According to the Adult Asperger Assessment (AAA) diagnostic test, a lack of interest in fiction and a positive preference towards non-fiction is common among adults with AS.

=== Speech and language ===
Although individuals with Asperger syndrome acquire language skills without significant general delay and their speech typically lacks significant abnormalities, language acquisition and use is often atypical. Abnormalities include verbosity, abrupt transitions, literal interpretations and miscomprehension of nuance, use of metaphor meaningful only to the speaker, auditory perception deficits; unusually pedantic, formal, or idiosyncratic speech; and oddities in loudness, pitch, intonation, prosody, and rhythm. Echolalia has also been observed in individuals with AS.

Three aspects of communication patterns are of clinical interest: poor prosody, tangential and circumstantial speech, and marked verbosity. Although inflection and intonation may be less rigid or monotonic than in classic autism, people with AS often have a limited range of intonation: speech may be unusually fast, jerky, or loud. Speech may convey a sense of incoherence; the conversational style often includes monologues about topics that bore the listener, fails to provide context for comments, or fails to suppress internal thoughts. Individuals with AS may fail to detect whether the listener is interested or engaged in the conversation. The speaker's conclusion or point may never be made, and attempts by the listener to elaborate on the speech's content or logic, or to shift to related topics, are often unsuccessful.

Children with AS may have a sophisticated vocabulary at a young age and such children have often been colloquially called "little professors" but have difficulty understanding figurative language and tend to use language literally. Children with AS appear to have particular weaknesses in areas of nonliteral language that include humor, irony, teasing, and sarcasm. Although individuals with AS usually understand the cognitive basis of humor, they seem to lack understanding of the intent of humor to share the enjoyment with others. Despite strong evidence of impaired humor appreciation, anecdotal reports of humor in individuals with AS seem to challenge some psychological theories of AS and autism.

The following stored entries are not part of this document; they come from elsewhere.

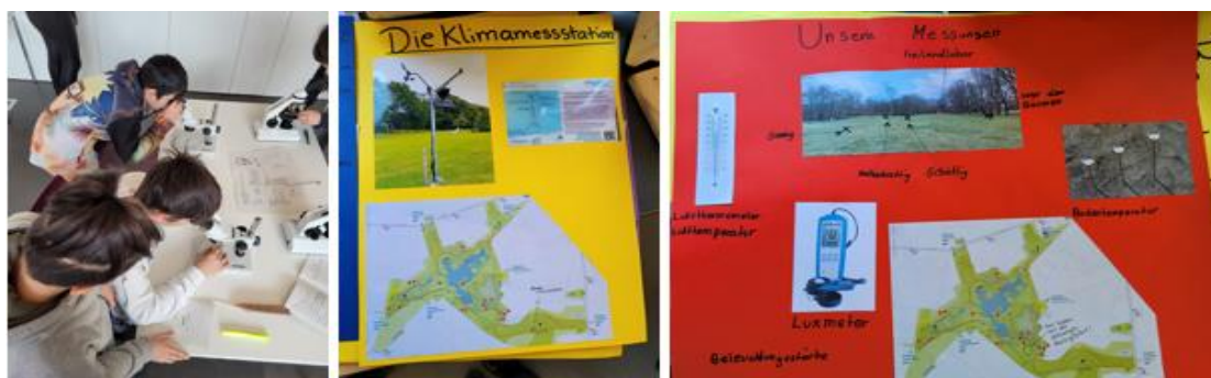
Die Kinder lernen verschiedene wissenschaftliche Methoden und Geräte kennen und präsentieren ihre Arbeit

Die teilnehmenden 5. und 6. Klassen der Walter-Gropius-Schule haben in Präsentationen ihre Erkenntnisse untereinander und mit ihren Eltern geteilt. Ergänzend zu den Tätigkeiten, welche wir mit ihnen auf unserer Ausweichfläche, dem Britzer Garten, durchgeführt haben, recherchierten sie in der Schule und der Bibliothek zum Thema „Zeit“ und kamen dabei zu ganz unterschiedlichen Forschungsfragen. Eine Sonnenuhr warf die Frage auf, wie das eigentlich mit den Römischen Zahlen funktioniert. Wieso teilen wir Zeit so komisch ein, dass es zwölf Monate mit unterschiedlicher Anzahl an Tagen gibt, die wiederum 24 Stunden mit je 60 Minuten haben? Und warum verfärben sich Blätter im Laufe des Jahres bevor sie ganz abfallen? Was machen Tiere im Winter? Ihre Messungen und Erfahrungen, die sie im Britzer Garten gesammelt und anschließend ausgewertet haben flossen dabei in ihre Recherchen ein.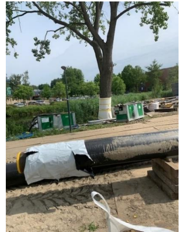
Aanleg warmtenet Groenoord

In Groenoord is in de periode 2022-2023 een warmtenet aangelegd. 16 Mooie en grote kapvergunning- en 13 meldings-plichtige bomen dreigden volgens de tekentafel-plannen gekapt te worden, de vervangende bomen leken niet het kroonvolume te krijgen van deze bedreigde bomen. Tevens bleek uit het onderzoek van de Bomenwacht (onderzoek in opdracht van de gemeente) dat voor rond de 170 bomen in het plangebied ernstige projectinvloed te verwachten was. Dit werd tijdens diverse schouwrondes ter plekke door de Bomenridders eveneens geconstateerd, op het werk kwamen we vaak bomen tegen met kaal liggende wortels en bomen waarvan de wortels door opslag van bouwmaterialen en gereedschap onder de boomkronen ernstig belast werden. De gemeente wilde in eerste instantie niet in overleg over de door ons gedane constatering.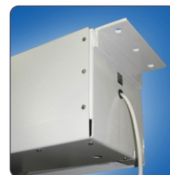
Detail von Gehäuse und Befestigung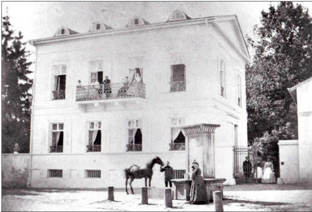
Fotografie des Hauses Reiss aus dem 19. Jahrhundert. Die vermutlich älteste Aufnahme des Hauses. Das Dienstpersonal am Eingang, Familie Reiss auf dem Balkon.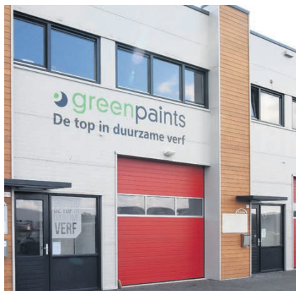
Het exterieur van Waanders' vergroothandel in Goor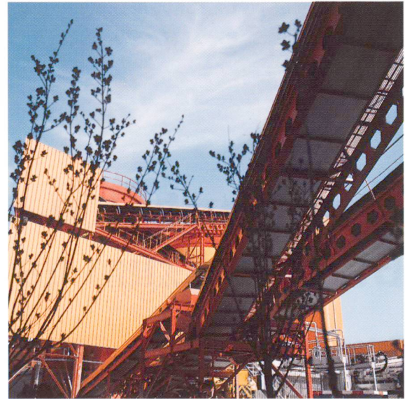
Anlieferung von Zuschlagstoffen.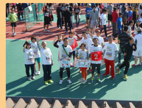
帝産チームお手製バスで一同「がんばります！！」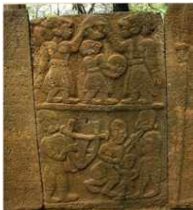
Kara-Tepe, Déli kapu, Zenészeket ábrázoló dombormű Törökország, XII. század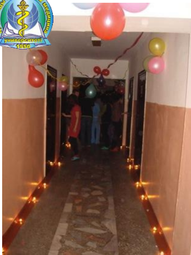
«Праздник свечей в нашем общежитии»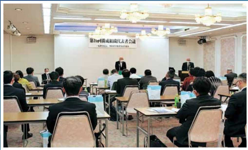
鳥取県労福協 第10回構成組織代表者会議を開催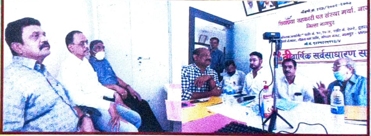
१९ वी ऑनलाईन सभेचे अहवाल वाचन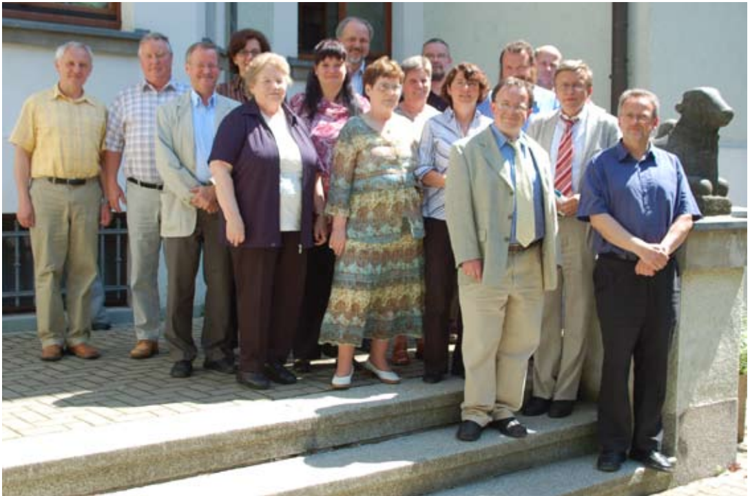
Der Missionsausschuss am 21. Mai 2007.

genannten Kirchen und der Missionsausschuss haben deren Mitglieder bestimmt.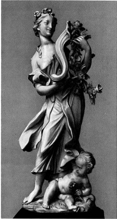
Abb. 5 Frühling (Elfenbein), von Permoser.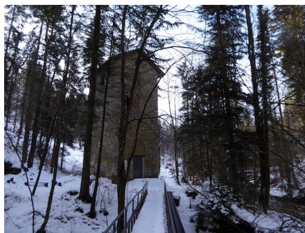
Mittlerer Tobelturm am Aabach (Näheres dazu vor Ort)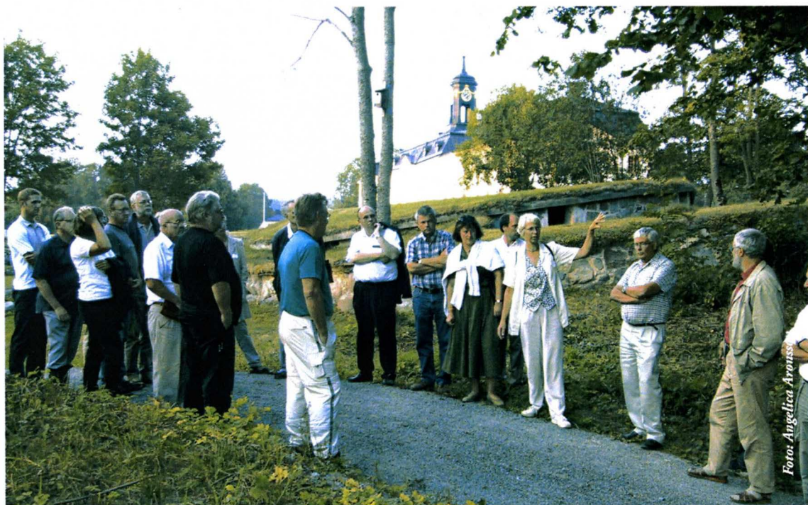
Demonstration av Svartsjöområdet våren 2002

Mälaröarnas Ornitologiska Förening har under åren 2000 till 2002 utfört ett mycket viktigt inventeringsarbete för att kartlägga vilka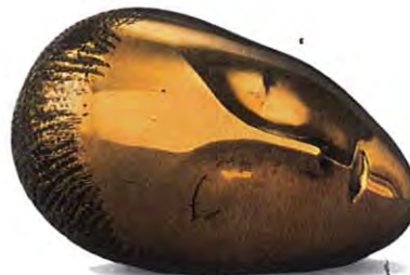
Constantin Brancusi, La muse endormie , 1909-1910, Collectie Kunsthaus Zürich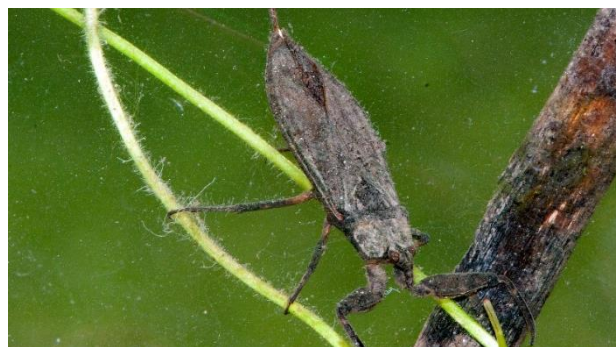
Der Wasserskorpion gehört zu den Wasserwanzen und ist ein Lauerjäger.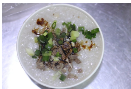
阿军羊肉馆的骨头粥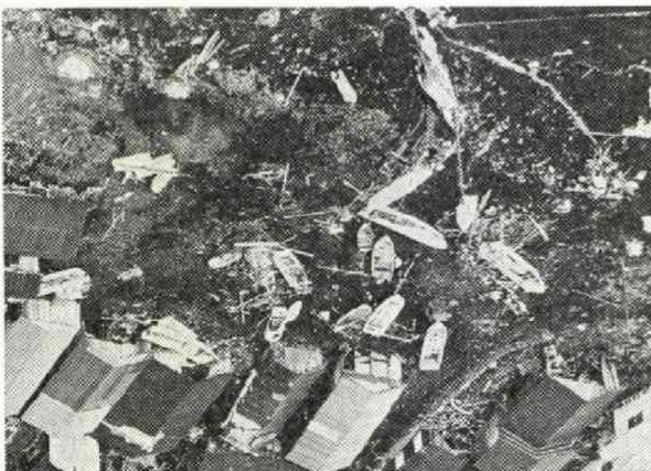
津波に襲われた秋田県八森漁港 (5月26日午後3時)

古文書を見ると、秋田県にも津波が押し寄せた記録はある。三十九年の新潟地震でも、潮位が一メートル以上上がった、と記録されている。あるいは「大地が裂け、どす黒い水柱が噴き上がった」などと、液状化現象そのものの記述も無数にある。これら

=== Motor and sensory perception ===
Individuals with Asperger syndrome may have signs or symptoms that are independent of the diagnosis but can affect the individual or the family. These include differences in perception and problems with motor skills, sleep, and emotions.

Individuals with AS often have excellent auditory and visual perception. Children with ASD often demonstrate enhanced perception of small changes in patterns such as arrangements of objects or well-known images; typically this is domain-specific and involves processing of fine-grained features. Conversely, compared with individuals with high-functioning autism, individuals with AS have deficits in some tasks involving visual-spatial perception, auditory perception, or visual memory. Many accounts of individuals with AS and ASD report other unusual sensory and perceptual skills and experiences. They may be unusually sensitive or insensitive to sound, light, and other stimuli; these sensory responses are found in other developmental disorders and are not specific to AS or to ASD. There is little support for increased fight-or-flight response or failure of habituation in autism; there is more evidence of decreased responsiveness to sensory stimuli, although several studies show no differences.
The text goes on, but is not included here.